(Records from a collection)
::::::
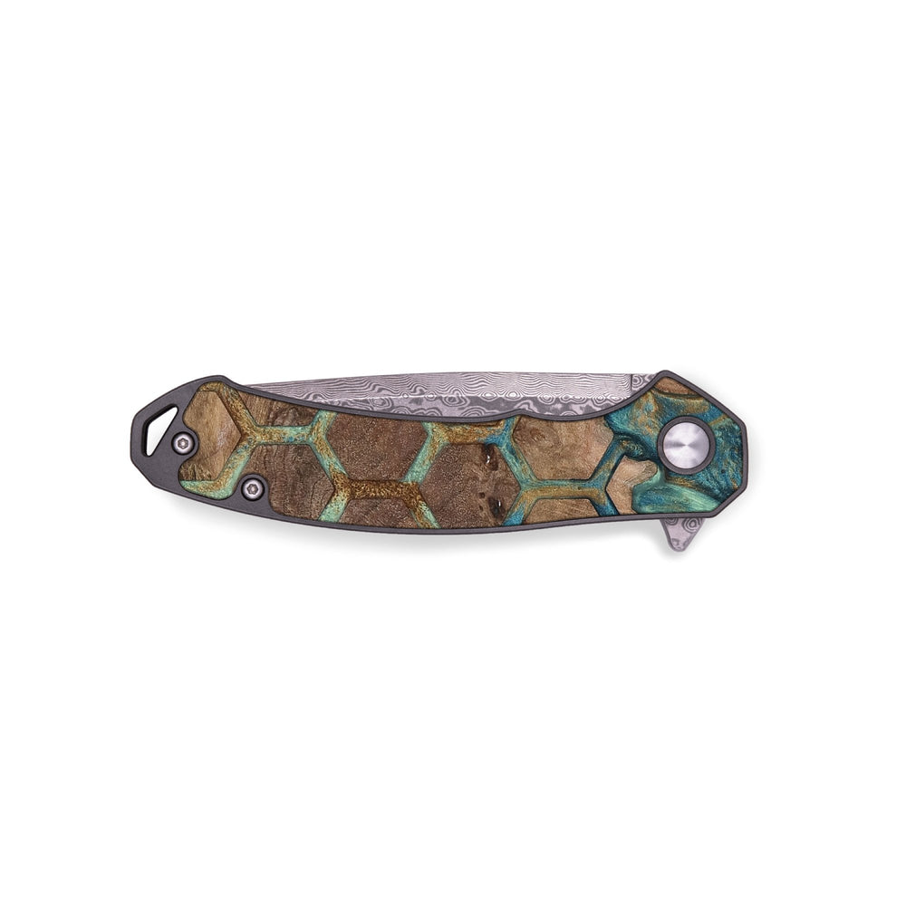 • Materials: Burl Wood, Resin, Damascus Stainless Steel
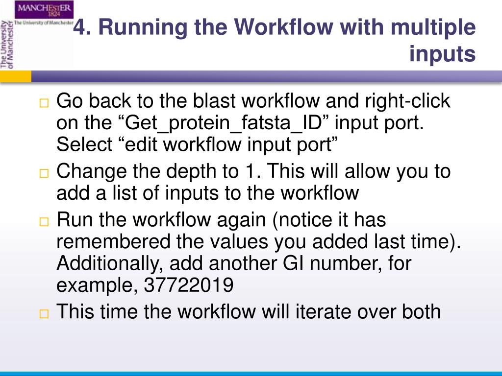 4. Running the Workflow with multiple inputs Go back to the blast workflow and right-click on the “Get_protein_fatsta_ID” input port. Select “edit workflow input port” Change the depth to 1. This will allow you to add a list of inputs to the workflow Run the workflow again (notice it has remembered the values you added last time). Additionally, add another GI number, for example, 37722019 This time the workflow will iterate over both
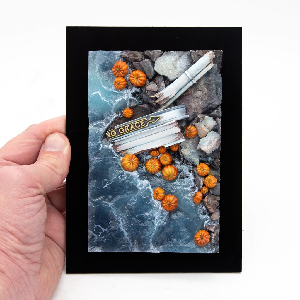 I didn't want to make a Halloween Diorama like I did about 3 years ago because 🙄, but I fell by chance on that poem from Richard Brautigan. I saw thousands of pumpkins last night come floating in on the tide, bumping up against the rocks and rolling up on the beaches; it must be Halloween in the sea. So what you have here is basically a visual translation. Hope you like it!
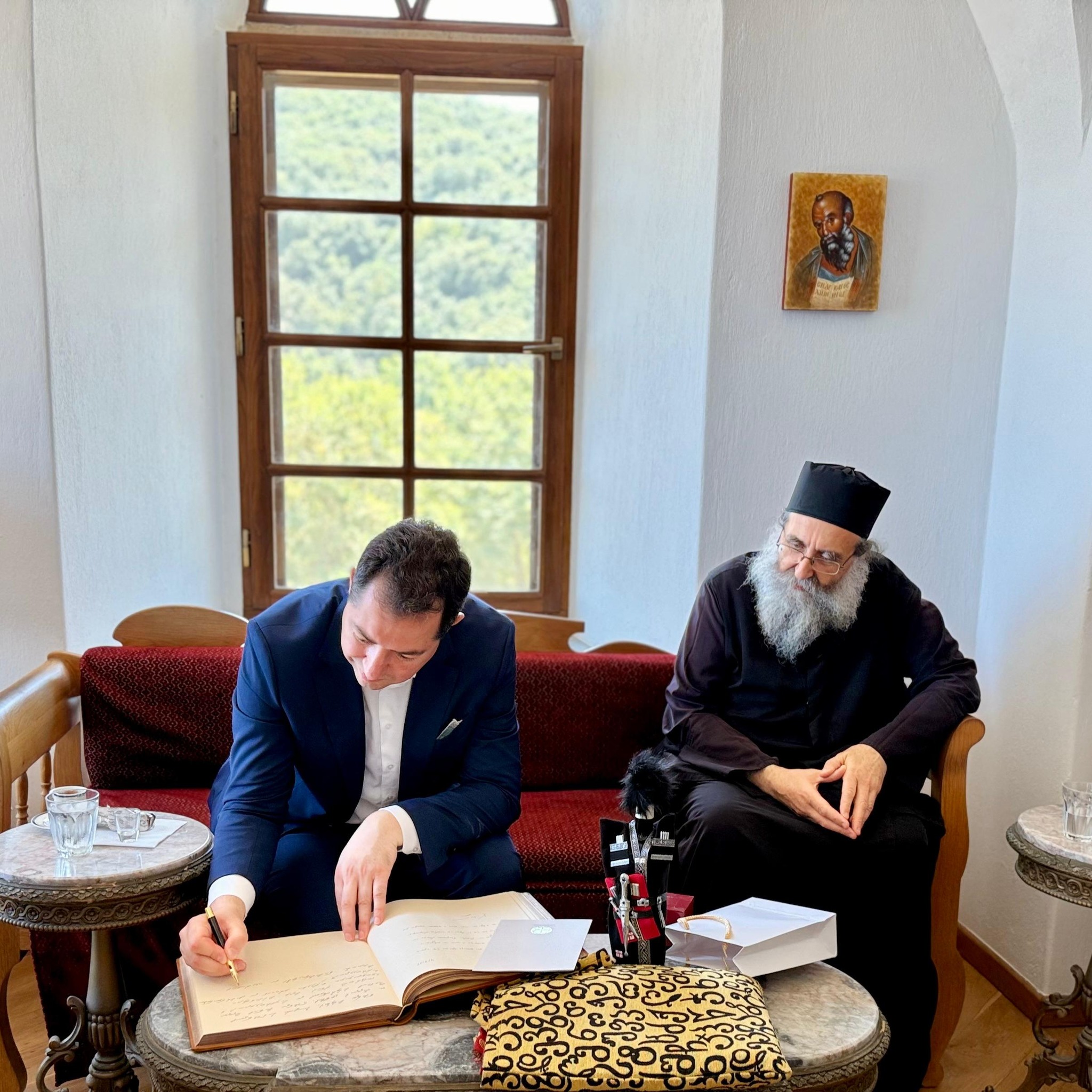„მადლობას ვუხდი არქიმანდრიტ ნათანაილს გულთბილი მასპინძლობისთვის. ჩემთვის უდიდესი პატივი და ბედნიერება იყო, მისი ინიციატივით ივერონის მონასტრის საპატიო სტუმრების წიგნში ჩანაწერის გაკეთება.
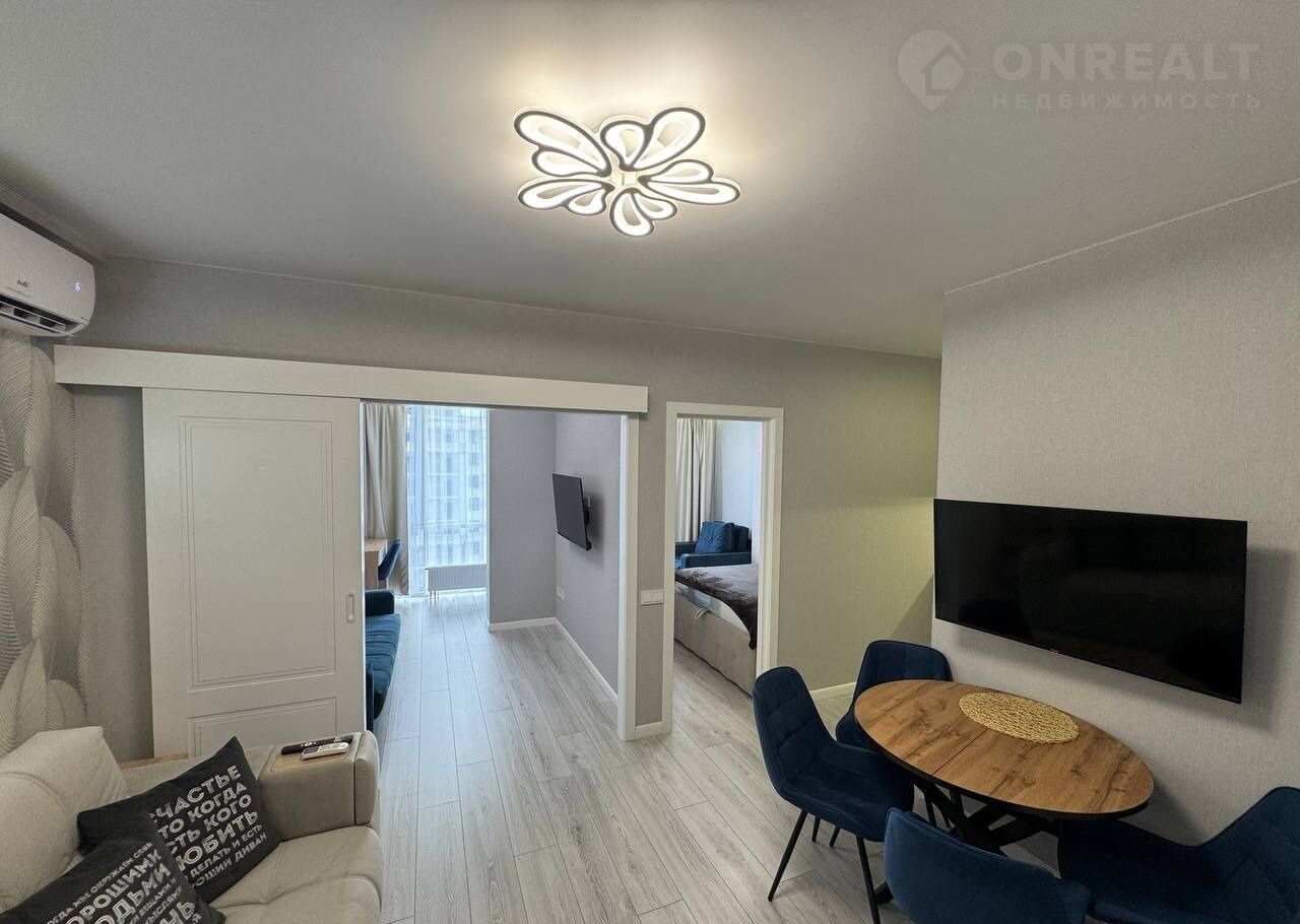 Сдaётcя 3-комнатнaя квартира площадью 46 кв.м. c дизайнeрcким рeмонтом на 17 этаже в 18-этaжнoм дoмe нa срок от 11 мeсяцев. Из техники ecть:
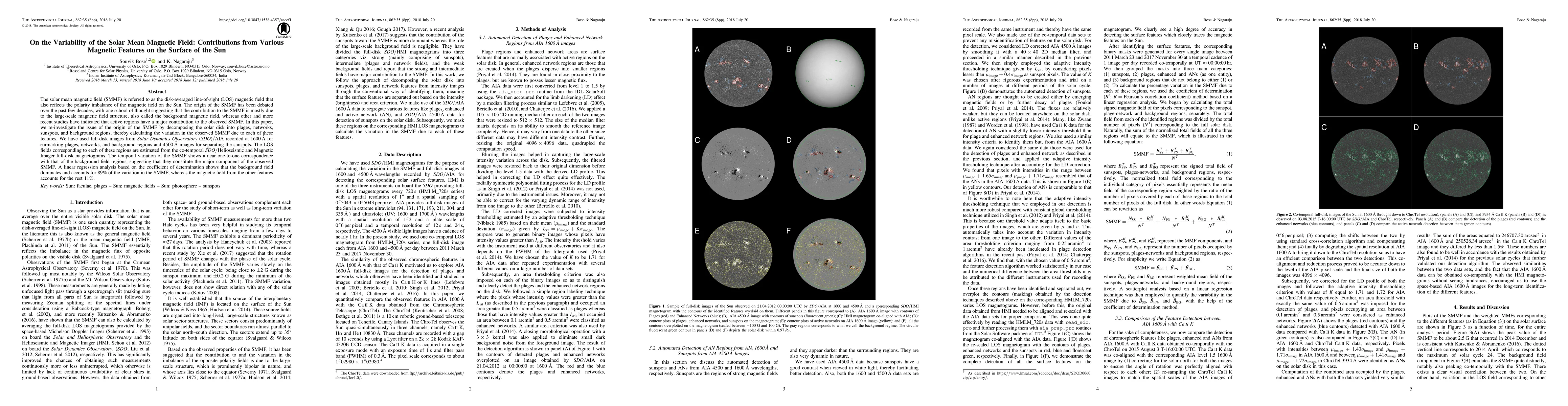 The solar mean magnetic field (SMMF) is referred to as the disc-averaged line-of-sight (LOS) magnetic field that also reflects the polarity imbalance of the magnetic field on the Sun. The origin of the SMMF has been debated over the past few decades, with one school of thought suggesting that the contribution to the SMMF is mostly due to the large scale magnetic field structure, also termed as the background magnetic field, whereas other and more recent studies have indicated that active regions have a major contribution to the observed SMMF. In this paper, we re-investigate the issue of the origin of the SMMF by decomposing the solar disk into plages, networks, sunspots and background regions, thereby calculating the variation in the observed SMMF due to each of these features. We have used full disk images from SDO/{\it AIA} recorded at 1600~\AA\, for earmarking plages, networks and background regions and 4500~\AA\, images for separating the sunspots. The LOS fields corresponding to each of these regions are estimated from the co-temporal SDO/{\it HMI} full disk magnetograms. The temporal variation of the SMMF shows a near one-to-one correspondence with that of the background field regions suggesting that they constitute the major component of the observed SMMF. A linear regression analysis based on the coefficient of determination shows that the background field dominates, and accounts for 89\% of the variation in the SMMF whereas the magnetic field from the other features accounts for the rest 11\%.
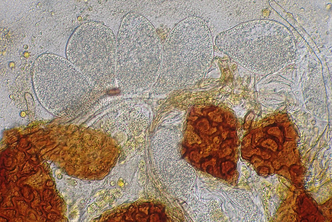 Die Asci sind idR zweisporig, was man auf dem folgenden Bild sehen kann, wenn man genau hinschaut.
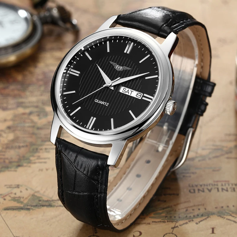 Часы GUANQIN Мужские кварцевые, водонепроницаемые, с кожаным ремешком
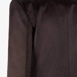 Chaqueta corta de botonadura simple con cuello de solapa pequeña, manga sisa y abertura central en la espalda. Bolsillo en el pecho y bolsillos con solapa en la parte delantera. cerrado con tres botones forrados. Confeccionado en raso duquesa de seda y algodón marrón con textura lavada. acabado con microinscripción “fendi roma made in italy” bordada en tono a juego en la parte posterior de la manga izquierda.
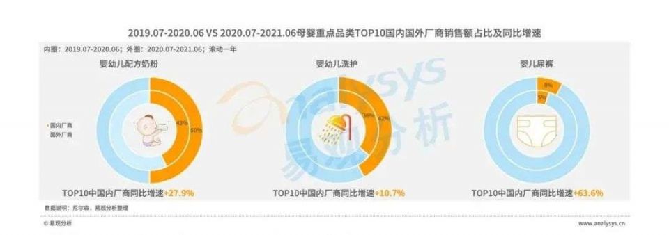 随着国内对食品安全的重视、国产产品品质提升、人民自信心提升,母婴国货品牌认可度明显提升。尤其2020年,因国内疫情快速平复,国货品牌市场份额挤压国际品牌趋势加强。奶粉、婴幼儿食品、婴儿洗护产品、婴儿尿布、童装童鞋等各品类,均呈现明显的国潮化趋势。
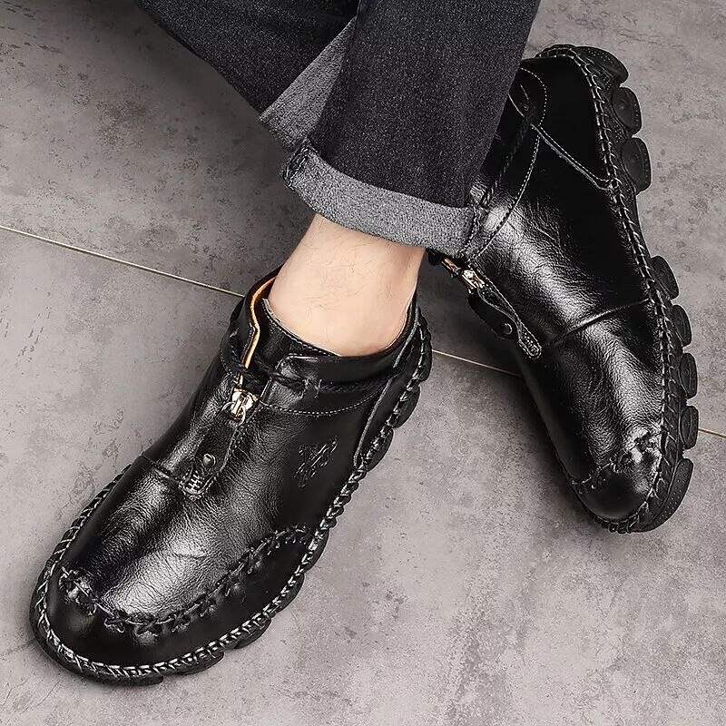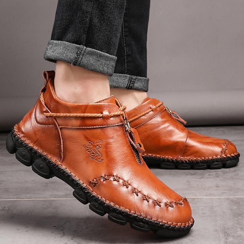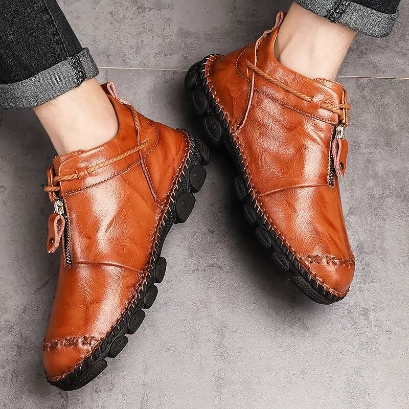 Highlights [Fabric and Material] : Crafted from high-quality genuine leather, these men's boots offer a rich brown hue with elegant textural detailing, emphasizing durability and timeless style. The interior lining is soft, enhancing comfort and breathability for extended wear. [Style and Fit] : Featuring a comfortable slip-on style with a convenient side zipper for easy wear and removal, these boots are designed for effortless everyday use. The round toe shape and cushioned sole offer excellent traction and shock absorption, making them suitable for all-day comfort. [Design Highlights] : The distinctive retro design is complemented by unique hand-stitched accents along the seams, enhancing both aesthetics and classic appeal. The boots exhibit a sophisticated look with a focus on craftsmanship and contemporary style. [Occasions] : Perfect for daily outings, these boots are versatile enough for various settings. Whether you're walking outdoors or going about your day-to-day activities, these boots effortlessly combine fashion and functionality for any occasion. [Size Availability] : Available in a range of sizes from US6-6.5 (EU38) to US12 (EU45), catering to men who value both comfort and style in their footwear choices.
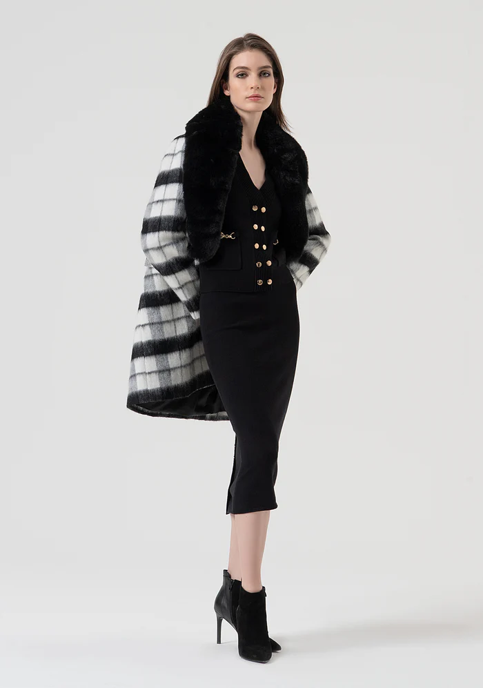 Slim midi knitted skirt, regular waist, and with back slit with button
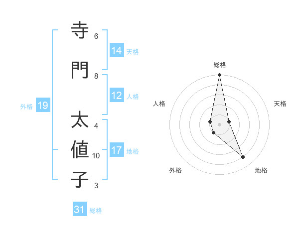 寺門 太値子さんの総格は31画の5点!
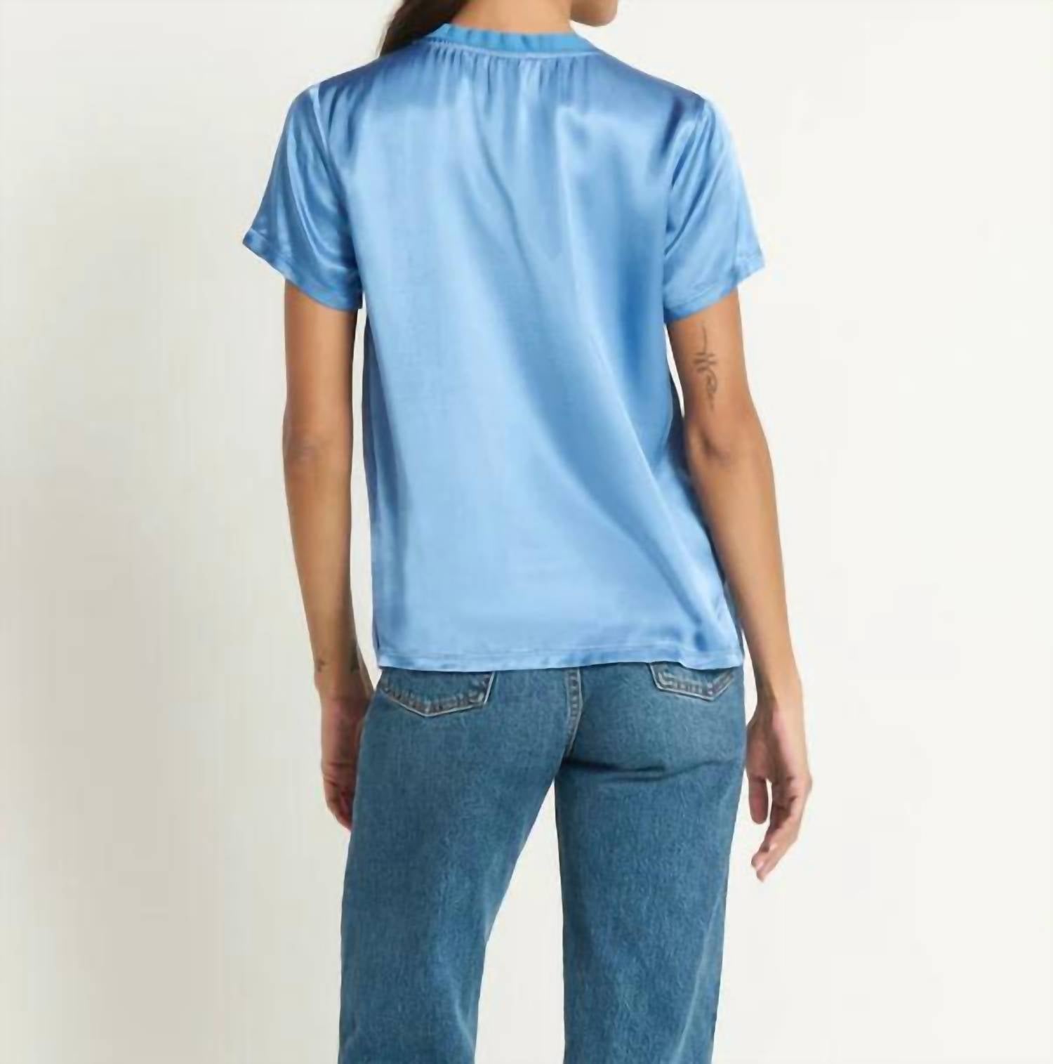 Look no further, you just found your perfect tee! Introducing the Women's June Satin Top by Nation LTD, a chic addition in Harbor Blue that's perfect for any summer getaway. This short sleeve tee elevates your casual wardrobe with its luxurious hammered satin material and laid-back ribbed neckband. Designed with a flattering V-neckline, it features a convenient pull-on closure for easy wear. Ideal for vacation vibes and streetwear trends alike, this top brings effortless style to your closet.
::::::
## WORK TASK
Each line above should be written out again exactly, without any image.

## SOLUTION
 • Materials: Burl Wood, Resin, Damascus Stainless Steel
 4. Running the Workflow with multiple inputs Go back to the blast workflow and right-click on the “Get_protein_fatsta_ID” input port. Select “edit workflow input port” Change the depth to 1. This will allow you to add a list of inputs to the workflow Run the workflow again (notice it has remembered the values you added last time). Additionally, add another GI number, for example, 37722019 This time the workflow will iterate over both
 I didn't want to make a Halloween Diorama like I did about 3 years ago because 🙄, but I fell by chance on that poem from Richard Brautigan. I saw thousands of pumpkins last night come floating in on the tide, bumping up against the rocks and rolling up on the beaches; it must be Halloween in the sea. So what you have here is basically a visual translation. Hope you like it!
„მადლობას ვუხდი არქიმანდრიტ ნათანაილს გულთბილი მასპინძლობისთვის. ჩემთვის უდიდესი პატივი და ბედნიერება იყო, მისი ინიციატივით ივერონის მონასტრის საპატიო სტუმრების წიგნში ჩანაწერის გაკეთება.
 Сдaётcя 3-комнатнaя квартира площадью 46 кв.м. c дизайнeрcким рeмонтом на 17 этаже в 18-этaжнoм дoмe нa срок от 11 мeсяцев. Из техники ecть:
 The solar mean magnetic field (SMMF) is referred to as the disc-averaged line-of-sight (LOS) magnetic field that also reflects the polarity imbalance of the magnetic field on the Sun. The origin of the SMMF has been debated over the past few decades, with one school of thought suggesting that the contribution to the SMMF is mostly due to the large scale magnetic field structure, also termed as the background magnetic field, whereas other and more recent studies have indicated that active regions have a major contribution to the observed SMMF. In this paper, we re-investigate the issue of the origin of the SMMF by decomposing the solar disk into plages, networks, sunspots and background regions, thereby calculating the variation in the observed SMMF due to each of these features. We have used full disk images from SDO/{\it AIA} recorded at 1600~\AA\, for earmarking plages, networks and background regions and 4500~\AA\, images for separating the sunspots. The LOS fields corresponding to each of these regions are estimated from the co-temporal SDO/{\it HMI} full disk magnetograms. The temporal variation of the SMMF shows a near one-to-one correspondence with that of the background field regions suggesting that they constitute the major component of the observed SMMF. A linear regression analysis based on the coefficient of determination shows that the background field dominates, and accounts for 89\% of the variation in the SMMF whereas the magnetic field from the other features accounts for the rest 11\%.
 Die Asci sind idR zweisporig, was man auf dem folgenden Bild sehen kann, wenn man genau hinschaut.
 Часы GUANQIN Мужские кварцевые, водонепроницаемые, с кожаным ремешком
 Chaqueta corta de botonadura simple con cuello de solapa pequeña, manga sisa y abertura central en la espalda. Bolsillo en el pecho y bolsillos con solapa en la parte delantera. cerrado con tres botones forrados. Confeccionado en raso duquesa de seda y algodón marrón con textura lavada. acabado con microinscripción “fendi roma made in italy” bordada en tono a juego en la parte posterior de la manga izquierda.
 随着国内对食品安全的重视、国产产品品质提升、人民自信心提升,母婴国货品牌认可度明显提升。尤其2020年,因国内疫情快速平复,国货品牌市场份额挤压国际品牌趋势加强。奶粉、婴幼儿食品、婴儿洗护产品、婴儿尿布、童装童鞋等各品类,均呈现明显的国潮化趋势。
 Highlights [Fabric and Material] : Crafted from high-quality genuine leather, these men's boots offer a rich brown hue with elegant textural detailing, emphasizing durability and timeless style. The interior lining is soft, enhancing comfort and breathability for extended wear. [Style and Fit] : Featuring a comfortable slip-on style with a convenient side zipper for easy wear and removal, these boots are designed for effortless everyday use. The round toe shape and cushioned sole offer excellent traction and shock absorption, making them suitable for all-day comfort. [Design Highlights] : The distinctive retro design is complemented by unique hand-stitched accents along the seams, enhancing both aesthetics and classic appeal. The boots exhibit a sophisticated look with a focus on craftsmanship and contemporary style. [Occasions] : Perfect for daily outings, these boots are versatile enough for various settings. Whether you're walking outdoors or going about your day-to-day activities, these boots effortlessly combine fashion and functionality for any occasion. [Size Availability] : Available in a range of sizes from US6-6.5 (EU38) to US12 (EU45), catering to men who value both comfort and style in their footwear choices.
 Slim midi knitted skirt, regular waist, and with back slit with button
 寺門 太値子さんの総格は31画の5点!
 Look no further, you just found your perfect tee! Introducing the Women's June Satin Top by Nation LTD, a chic addition in Harbor Blue that's perfect for any summer getaway. This short sleeve tee elevates your casual wardrobe with its luxurious hammered satin material and laid-back ribbed neckband. Designed with a flattering V-neckline, it features a convenient pull-on closure for easy wear. Ideal for vacation vibes and streetwear trends alike, this top brings effortless style to your closet.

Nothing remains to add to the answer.